A friend of mine, an investor, said something offhand recently that stuck with me.
“There are not enough VPs of Payments in the world to meet the demand.”
He’s right, and it got me thinking about why.
The supply/demand imbalance is real, so what does a great VP of Payments actually do for a software company and why do we need more of them?
They set and execute a real strategy
Payments is one of those spaces where there are a million things you could do, and most of them won’t move the needle on what actually matters. A strong VP of Payments starts with the goal: what does the business need payments to deliver, and by when? Then they work backward to pick the right levers.
Here’s a counterexample I love: Let’s accept Bitcoin.
It sounds exciting, it might grab a headline, but it won’t get you to 50% of revenue coming from payments and embedded finance. A VP of Payments knows the difference between a distraction and a driver.
They make attach rate priority one
Most software companies have thousands of customers.

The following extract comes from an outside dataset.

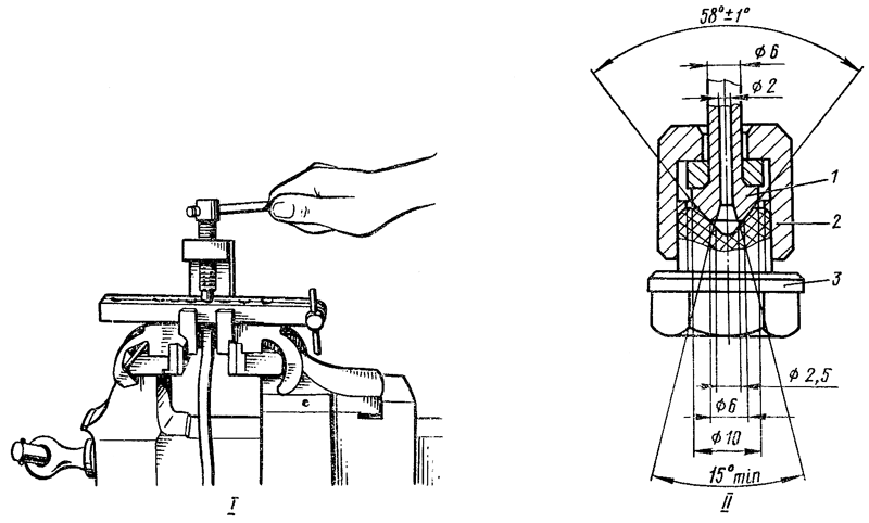 2. При значительном повреждении конусов топливопровода, вызывающем течь топлива, а также при сужении канала допускается отрезание конусной головки и высадка нового конуса ручным прессом.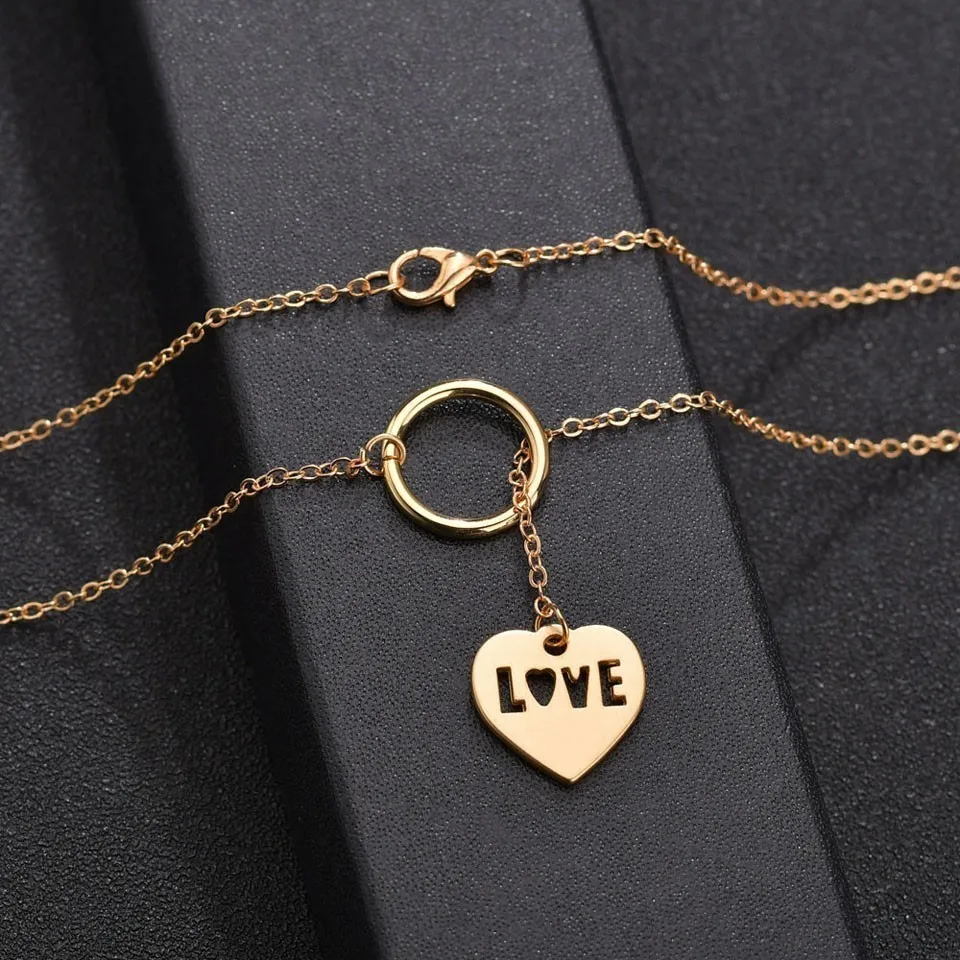 YANGQI золото двойное сердце кулон ожерелье для женщин Круглый Круг ожерелье Трендовое очарование ювелирные изделия женские подвески в романтическом стиле ожерелье

A few hundred of them are using the platform’s payment product. The rest? They’re still on the local bank, QuickBooks Payments, or whatever processor signed them up a decade ago.

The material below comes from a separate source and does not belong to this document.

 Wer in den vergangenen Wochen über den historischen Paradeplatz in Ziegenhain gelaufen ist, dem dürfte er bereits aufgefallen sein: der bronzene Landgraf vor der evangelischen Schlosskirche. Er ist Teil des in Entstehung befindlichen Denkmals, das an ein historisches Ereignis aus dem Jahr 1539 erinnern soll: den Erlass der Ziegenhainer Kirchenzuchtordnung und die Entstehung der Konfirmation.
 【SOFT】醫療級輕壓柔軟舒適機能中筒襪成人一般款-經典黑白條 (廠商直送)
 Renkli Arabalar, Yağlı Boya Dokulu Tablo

The VP of Payments is laser-focused on changing that math, resourcing the effort internally or through partners to push attach rate above 75%. Everything else is secondary until this is solved.
They optimize pricing to hit take rate goals
Once attach rate is moving in the right direction, pricing becomes a meaningful lever. Flat rate, interchange-plus, surcharging, payout timing, card-type premiums, payments can be priced in many ways, and the right structure depends on the customer base and the business model. A VP of Payments knows how to tune this to grow payments income quarter over quarter without burning customer relationships.

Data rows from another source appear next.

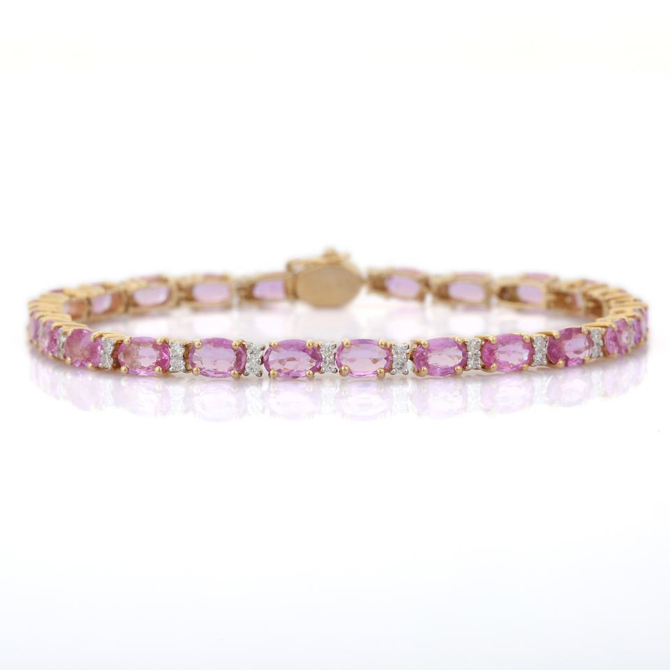 แฮนด์เมดออกแบบธรรมชาติสีชมพูแซฟไฟร์และเพชรพลอยสร้อยข้อมือ14พันแข็งสีเหลืองทองเทนนิสสร้อยข้อมือเครื่องประดับปรับ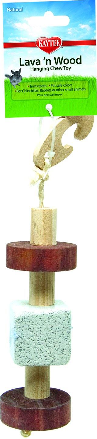 Features a unique combination of volcanic rock material and natural wood pieces. Helps keep your pet's teeth trim and clean while encouraging healthy activity. Simply hang the toy in your pet's cage and watch as they chew and play the day away. Ideal for chinchillas rabbits or other small animals....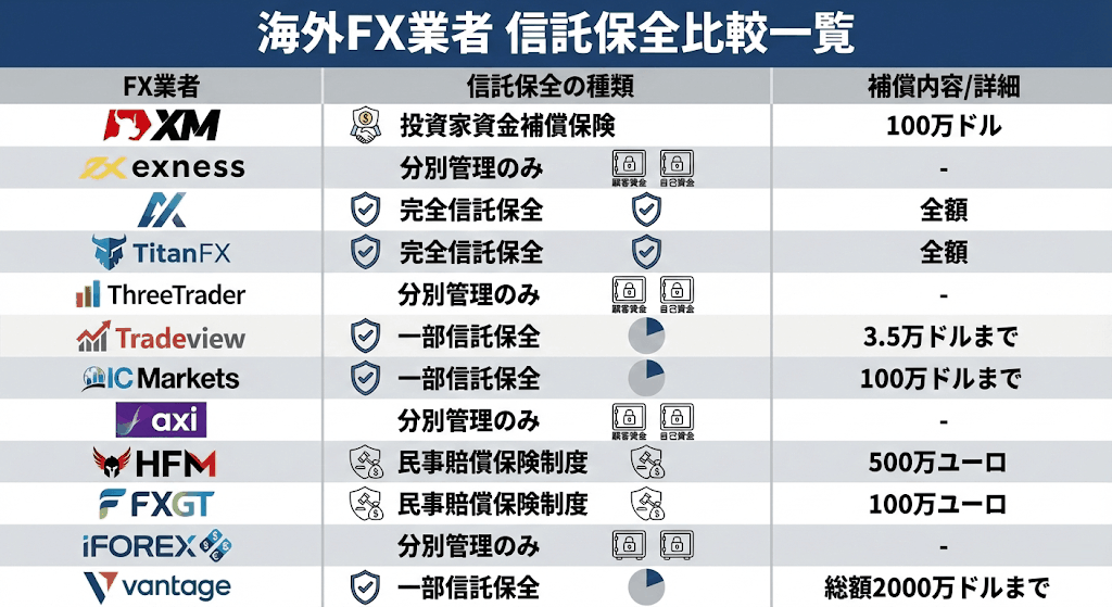 海外FX業者の信託保全一覧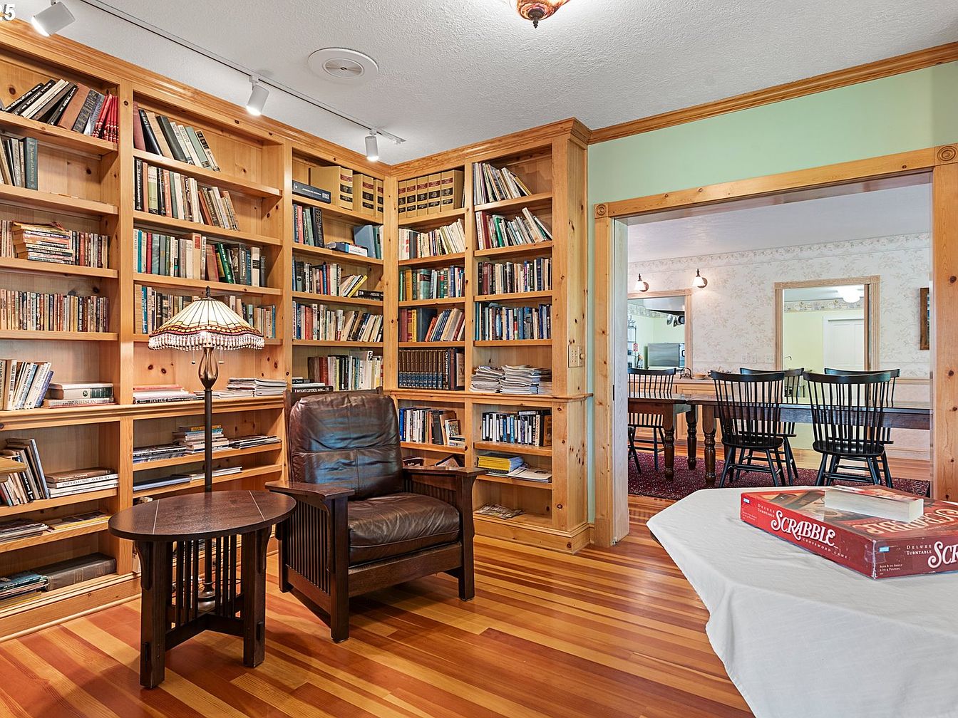 A cozy library nook features extensive wooden shelving filled with an array of books, showcasing a love for literature. A rich, dark leather armchair invites relaxation beside a small wooden side table. Above, a stained glass lamp adds a warm glow, enhancing the inviting ambiance. The warm wooden floors contrast beautifully with the soft green wall paint. An open passageway reveals a dining area, featuring a large table and black spindle-back chairs, hinting at the home’s social nature. The design marries functionality with comfort, offering a perfect space for reading or gathering.

They optimize transaction expenses
Maximizing revenue is step one. Protecting margin is step two. The largest cost in payments is interchange, typically around 67% of the transaction. A VP of Payments knows how to work with card network programs, send richer transaction data, and leverage network tokens to compress that cost and widen the spread.
They support enterprise sales and migrations
Large customers and groups of customers like franchisors need more than a self-serve onboarding flow. A VP of Payments rolls up their sleeves on these deals: analyzing the customer’s current payments expense, modeling the savings opportunity, and managing the migration end-to-end, including token conversions to make the transition clean.
They coordinate across departments
Payments can’t be optimized in a silo. A small product change can have an outsized impact on attach rate or wallet share. The VP of Payments is constantly identifying those opportunities by working closely with product, engineering, and sales to co-design features that grow volume and deepen the platform’s share of their customers’ payment activity.
They present to the board
When payments represent 50% of a company’s revenue, it earns a dedicated board-level conversation. The VP of Payments distills a complex, multi-variable business into clear KPIs, tracks progress, and comes in with a point of view on what would accelerate the business. This is a skill in itself.
They design what’s next
Once the payments program is mature and optimized, the best VPs of Payments start looking around the corner. If you’re underwriting customers and moving money to them every banking day, what else becomes possible? Working capital. Insurance. B2B payments. The VP of Payments builds the roadmap for the embedded financial products that can be layered on top.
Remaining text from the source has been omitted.